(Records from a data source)
=== Section Start ===

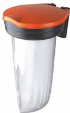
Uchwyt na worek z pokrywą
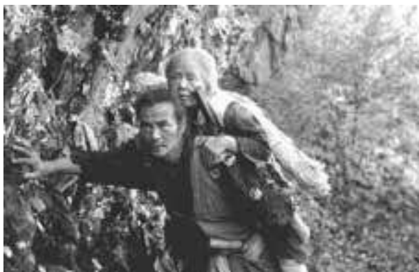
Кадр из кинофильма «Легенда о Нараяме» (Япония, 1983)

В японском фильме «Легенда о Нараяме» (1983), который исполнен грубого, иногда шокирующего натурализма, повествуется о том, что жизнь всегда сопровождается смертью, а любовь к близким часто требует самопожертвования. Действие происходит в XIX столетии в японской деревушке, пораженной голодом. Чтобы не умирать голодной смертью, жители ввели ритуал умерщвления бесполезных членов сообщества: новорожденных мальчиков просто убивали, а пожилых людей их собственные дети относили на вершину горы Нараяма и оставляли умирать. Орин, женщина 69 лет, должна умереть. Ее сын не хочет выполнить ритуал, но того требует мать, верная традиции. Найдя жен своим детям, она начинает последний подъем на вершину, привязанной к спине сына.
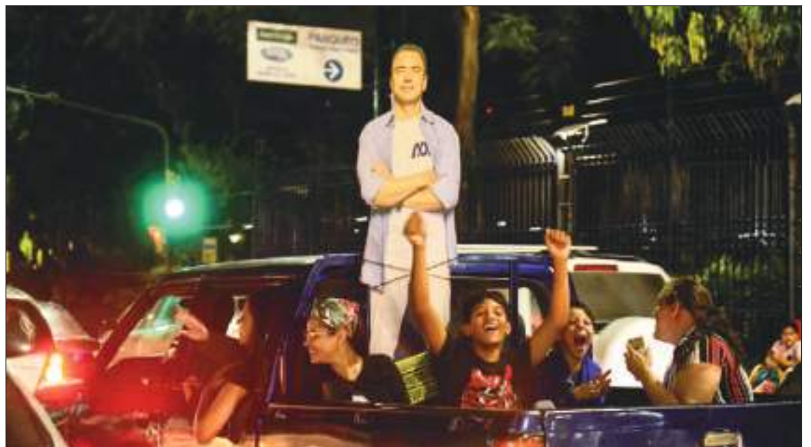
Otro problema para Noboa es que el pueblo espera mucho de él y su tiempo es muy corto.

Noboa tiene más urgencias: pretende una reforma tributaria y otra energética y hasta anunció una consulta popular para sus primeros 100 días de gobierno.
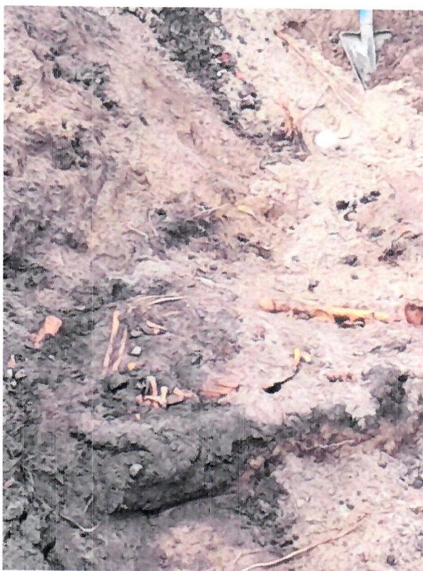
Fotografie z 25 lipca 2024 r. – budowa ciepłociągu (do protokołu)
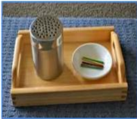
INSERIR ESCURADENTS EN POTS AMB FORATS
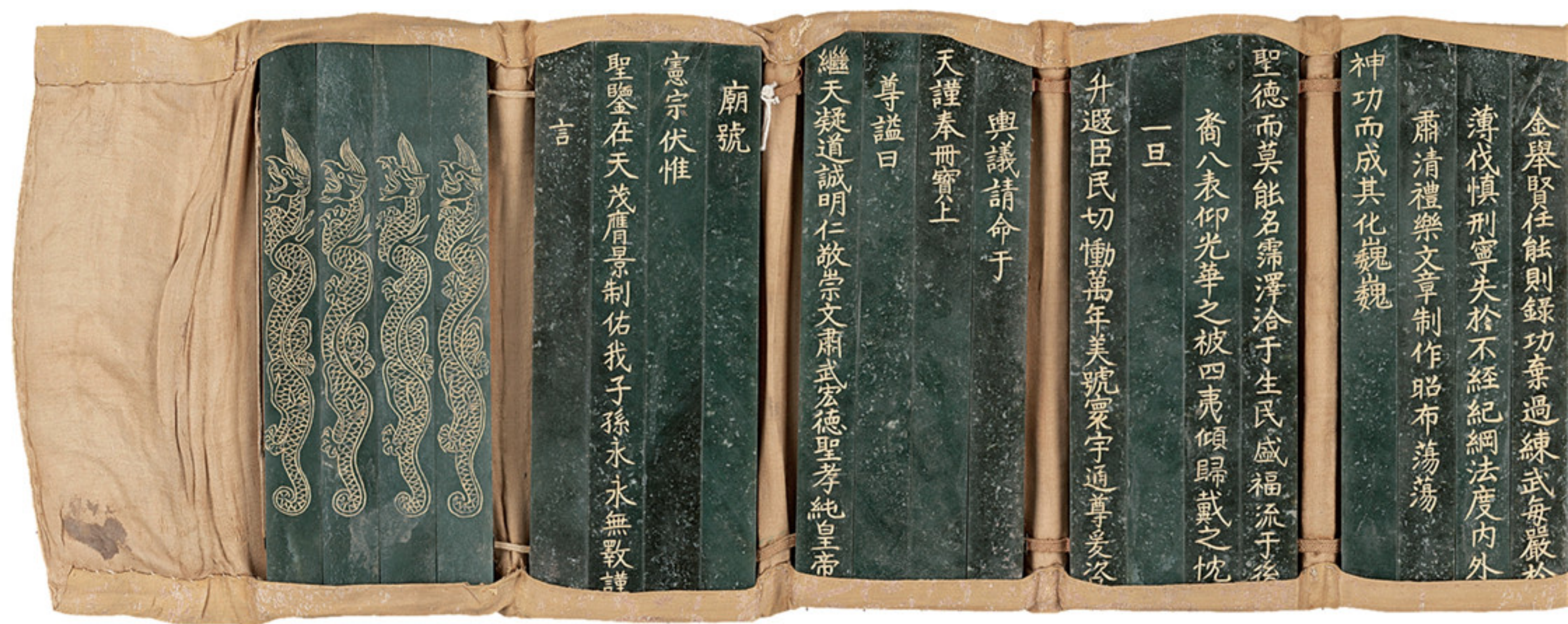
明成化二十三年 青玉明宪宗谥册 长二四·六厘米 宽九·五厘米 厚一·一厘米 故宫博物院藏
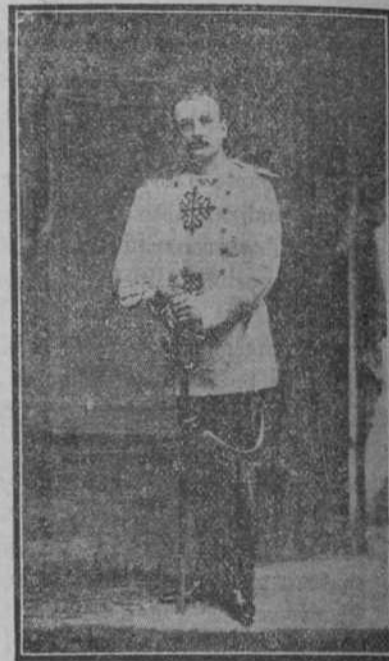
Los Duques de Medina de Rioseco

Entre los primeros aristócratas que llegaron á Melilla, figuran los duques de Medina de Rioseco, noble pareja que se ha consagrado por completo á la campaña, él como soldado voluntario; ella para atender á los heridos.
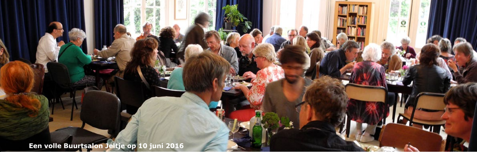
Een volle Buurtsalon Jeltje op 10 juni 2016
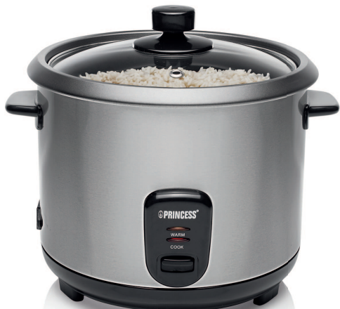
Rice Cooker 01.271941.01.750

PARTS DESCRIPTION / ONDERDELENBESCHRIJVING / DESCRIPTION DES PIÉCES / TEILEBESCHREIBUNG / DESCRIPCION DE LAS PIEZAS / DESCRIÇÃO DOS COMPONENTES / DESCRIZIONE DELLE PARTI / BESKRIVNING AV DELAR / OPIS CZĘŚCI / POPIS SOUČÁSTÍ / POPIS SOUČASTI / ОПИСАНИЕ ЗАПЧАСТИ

=== Section End ===

Up to and including the line with "Кадр из кинофильма", repeat every line from the top of the entries exactly, but not the pictures.

[Task answer]
Uchwyt na worek z pokrywą
Кадр из кинофильма «Легенда о Нараяме» (Япония, 1983)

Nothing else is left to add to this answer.